Меньше чем в час выстроились полки. Они стояли, готовые встретить со всеми воинскими почестями своего любимого полководца, поздравить его с высоким отличием.
Музыканты всех полков поместились отдельно. Прямо перед палаткой Суворова пестрел куст ротных и полковых знамен.
Генералы Багратион, Милорадович, Тучков, оба племянника Суворова генералы Горчаковы и его сын, высокий красивый генерал-адъютант Аркадий Александрович Суворов, в полной парадной форме стояли впереди. Они обступили царского посланца, бригадира Зайцева.
Зайцев, счистивший дорожную пыль и умывшийся, рассказывал петербургские новости: кого из офицеров Павел I разжаловал в солдаты, кого из солдат произвел в офицеры, кого выключил из службы, кому выговор «с наддранием».
«Главный камердинер» фельдмаршала Прошка, надевший для такого случая две свои золотые медали, которые сардинский король пожаловал ему за сбережение здоровья Суворова, важно прохаживался у палатки, то и дело заглядывая, не встал ли барин.
Прошка держал себя солидно, был доволен случившимся, но виду не показывал. Великая честь барину – стало быть, такая же честь и ему. Барин становится выше – стало быть, и он выше: то был «камардин» фельдмаршала, а то – генералиссимуса!
А казак Ванюшка – глупый, несамостоятельный человек: вся радость на роже так и отпечаталась. Хоть бы волос салом не мазал и латаных сапог тряпкой не тер – видать: доволен! Нет в человеке настоящего понятия!
Все стояли, ждали. С нетерпением доглядывали на палатку, не шевельнется ли полотнище, не послышится ли быстрый, веселый суворовский басок.

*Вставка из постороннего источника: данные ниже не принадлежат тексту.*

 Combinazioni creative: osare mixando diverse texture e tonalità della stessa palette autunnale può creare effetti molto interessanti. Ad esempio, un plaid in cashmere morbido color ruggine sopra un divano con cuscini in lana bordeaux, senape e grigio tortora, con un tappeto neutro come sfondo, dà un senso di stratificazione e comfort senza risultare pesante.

Суворов спал. Ему снилась какая-то нелепица; будто он едет верхом на громадном буром медведе по горам. Он едет один, а где-то вот тут, за горой, идут его полки. Суворов слышит их многоголосый говор. И он, как тогда на походе, затянул:
Что девушке сделалось,
Что красной доспелось?..
И – проснулся.
Никакого медведя, никаких полков. Та же палатка, то же сено, тот же китель с аннинским крестом.

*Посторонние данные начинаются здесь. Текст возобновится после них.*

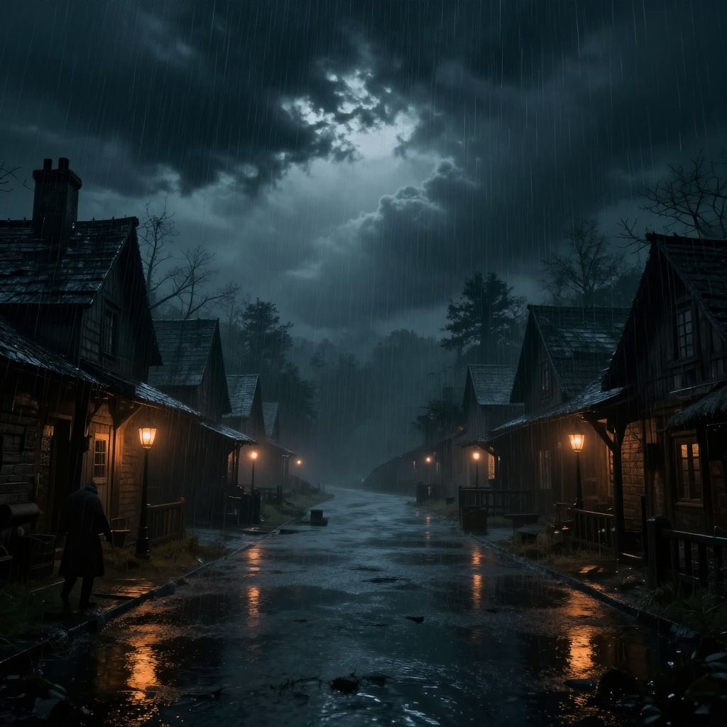 Photograph-style digital artwork of a rainy, cobblestone street in a medieval village with gothic architecture, lit torches, and a misty

Но в ушах почему-то еще слышится приглушенный гул многих сотен голосов.
Протер ладонью глаза. Кашлянул. Сел.
Конечно, никаких голосов: за палаткой – тишина.
В палатку тотчас же юркнул ловкий, расторопный казак Ванюшка. Плутовские глаза его сегодня как-то особенно улыбались. И весь он сам – Суворов сразу же, по своему уменью все быстро схватывать, увидел – почистился, помылся. Глядел именинником.

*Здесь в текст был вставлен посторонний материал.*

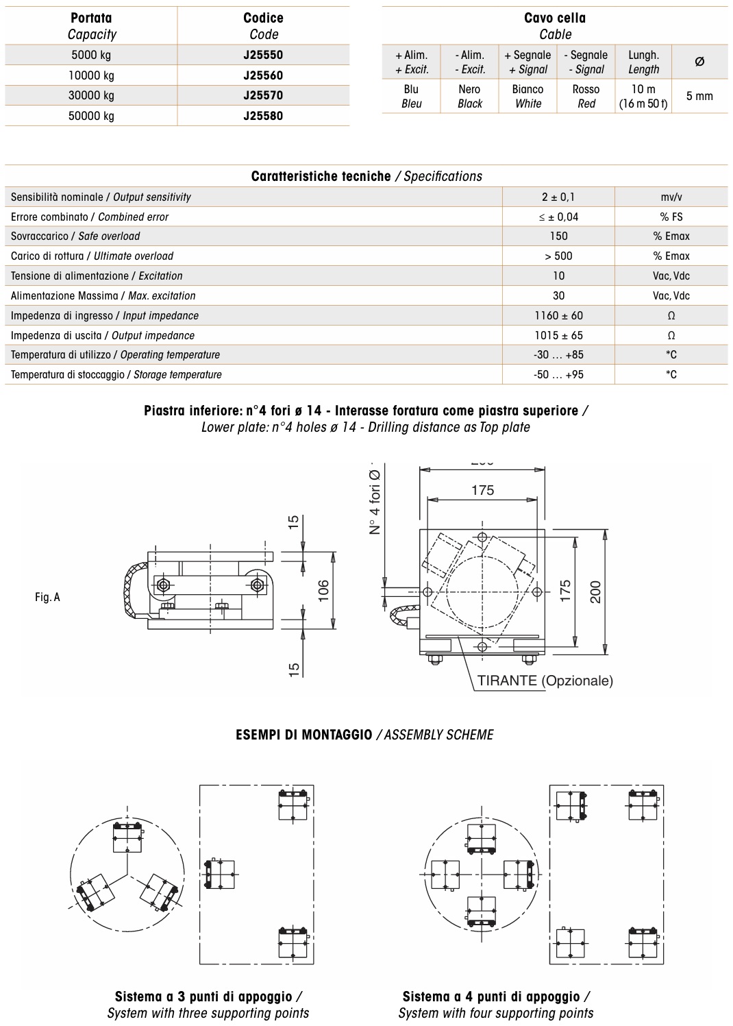 Monturile GPA-C au fost concepute pentru instalare si utilizare facila. Monturile sunt complete, compuse din accesorii mecanice de transmitere a sarcinii, celule de cantarire, sistem de compensare a dilatarii termice si nu necesita bolturi sau alte sisteme de limitare a deplasarii. Monturile GPA-C, celulele de sarcina si cutiile de jonctiuni sunt calibrate cu mase etalon la fabrica Bilanciai din Modena. Clasa de precizie a celulelor din componenta poate avea pana la 10000 de diviziuni conform OIML.

«Небось доволен роздыхом. Улизнет куда-либо ввечеру к девушкам. Поди, насмотрел. Маху не даст!»
Подмигнул:
– Что, Ванюшка, к девушкам собрался?
Казак, помогавший фельдмаршалу одеваться, смущенно хихикнул.
Затем на секунду показалась рожа самого «камардина» Прошки. Обознался или так попритчилось: у Прошки на шее блеснули обе его золотые медали.
«Что это они сегодня?»
Снова прислушался: конечно, за палаткой – всегдашняя лагерная тишина. Отдыхают, обшиваются, обмываются.
Невольно улыбнулся, вспомнив, как по уставу о полевой пехотной службе каждый солдат должен в год получить три пары башмаков да две пары подметок. А тут у солдата одна пара, да и от той ошметки остались.
– Погода не испортилась?
– Никак нет. Очень даже замечательная! – весело отозвался казак.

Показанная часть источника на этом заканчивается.